Adis Bećiragić

Trepça
- Position: Head coach
- League: ProCredit Superliga

Personal information
- Born: 1 June 1970 (age 55) Sarajevo, SFR Yugoslavia
- Nationality: Bosnian / Turkish
- Listed height: 1.90 m (6 ft 3 in)

Career information
- Playing career: 1990–2000
- Coaching career: 2011–present

Career history

Playing
- 1990–1992: Bosna
- 1992–1993: Zenica Metalno
- 1994–1996: PTT
- 1996–2000: Ülkerspor

Coaching
- 2007–2010: Galatasaray (assistant)
- 2011–2012: Kepez Belediyesi
- 2012–2014: Darüşşafaka
- 2014: Royal Halı Gaziantep
- 2014–2016: Torku Konyaspor
- 2017–2018: Uşak Sportif
- 2020–2021: Peja
- 2020: Iraq
- 2021–2023: Ylli
- 2022–2025: Bosnia and Herzegovina
- 2023–present: Trepça

Career highlights
- As player: Turkish League champion (1998); As head coach: 4× Kosovo League champion (2021, 2022, 2024, 2025); 2× Liga Unike champion (2021, 2024); 3× Kosovo Cup winner (2020, 2024, 2025); 2× Kosovo Supercup winner (2023, 2024); Bosnian Coach of the Year (2025);

= Adis Bećiragić =

Bosnian–Turkish basketball player and coach (born 1970)

Adis Bećiragić (Turkish: Aziz Bekir; born 18 June 1970) is a Bosnian-Turkish professional basketball coach and former player who is currently the head coach for Trepça of the Kosovo ProCredit Superliga.

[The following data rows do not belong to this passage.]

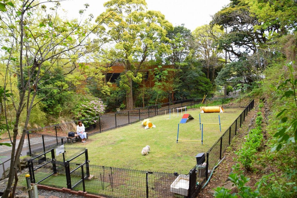 敷地内にドッグランがあり、宿の周辺は閑静な別荘地のため愛犬の散歩コースには困らない。部屋食、もしくは専用の個室で提供される伊豆懐石も絶品。愛犬と一緒に純和風旅館のハイクラスなもてなしに身を委ねてみてほしい。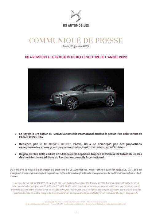 Constructeurs 25 janvier 2022 - 10:52 DS 4 incarne la nouvelle génération de créations de DS Automobiles. Aussi raffinée que technologique, DS 4 allie un design extérieur charismatique à la pureté et la fluidité du design intérieur marquées par de multiples confections « fait-main ». PDF (186 Ko) Télécharger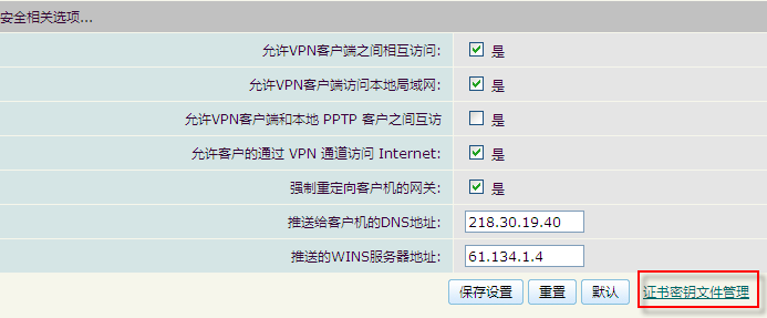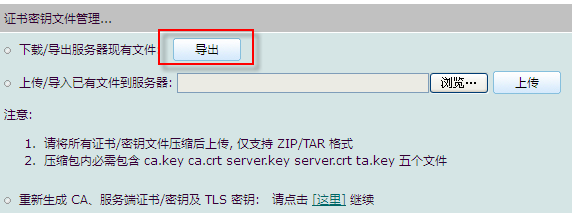 然后将点击此页面下的“证书密钥文件管理”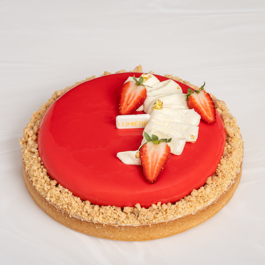 Almond short dough, light cheesecake filling, strawberry jaconde, strawberry mousse, buttery crumble (Nut Free, Contains Almonds)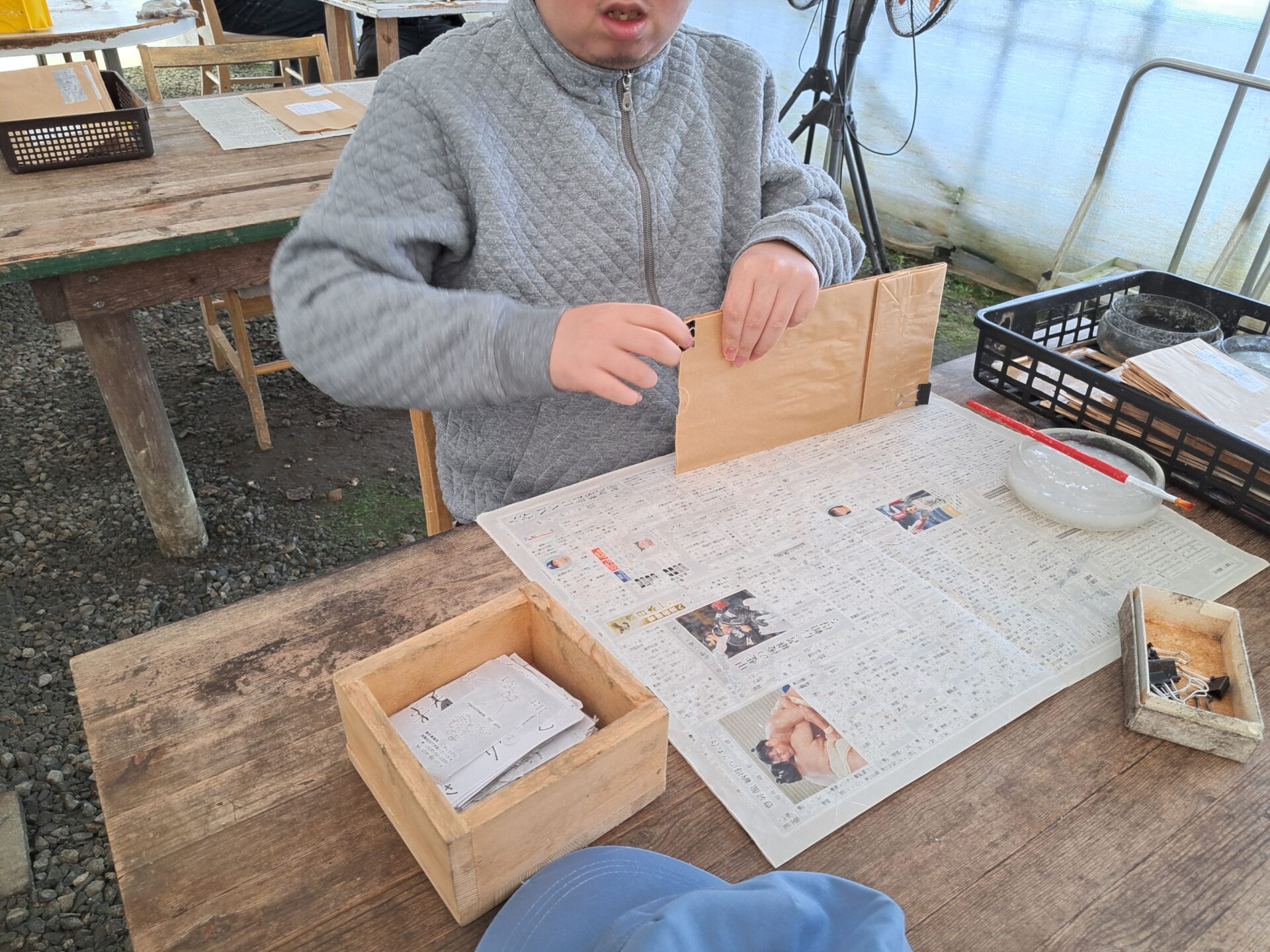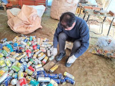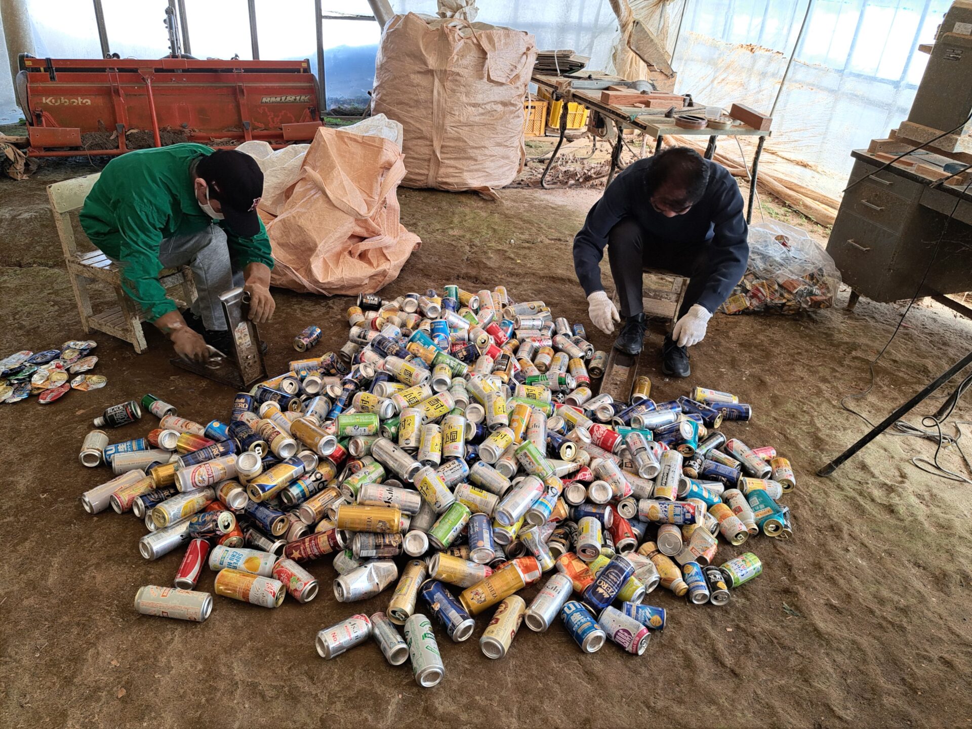 - 隣のハウスでは空き缶組が作業~

He was a backbone player of the Bosnia and Herzegovina national team team during the 1990s. Bećiragić ended his playing career in 2000, and has worked as a basketball coach since 2007.

==Professional career==
Born in Sarajevo, SFR Yugoslavia in 1970, Bećiragić started his professional career at former European champions Bosna in 1990. He spent the rest of his career playing for Zenica Metalno, and in Turkey for PTT and Ülkerspor.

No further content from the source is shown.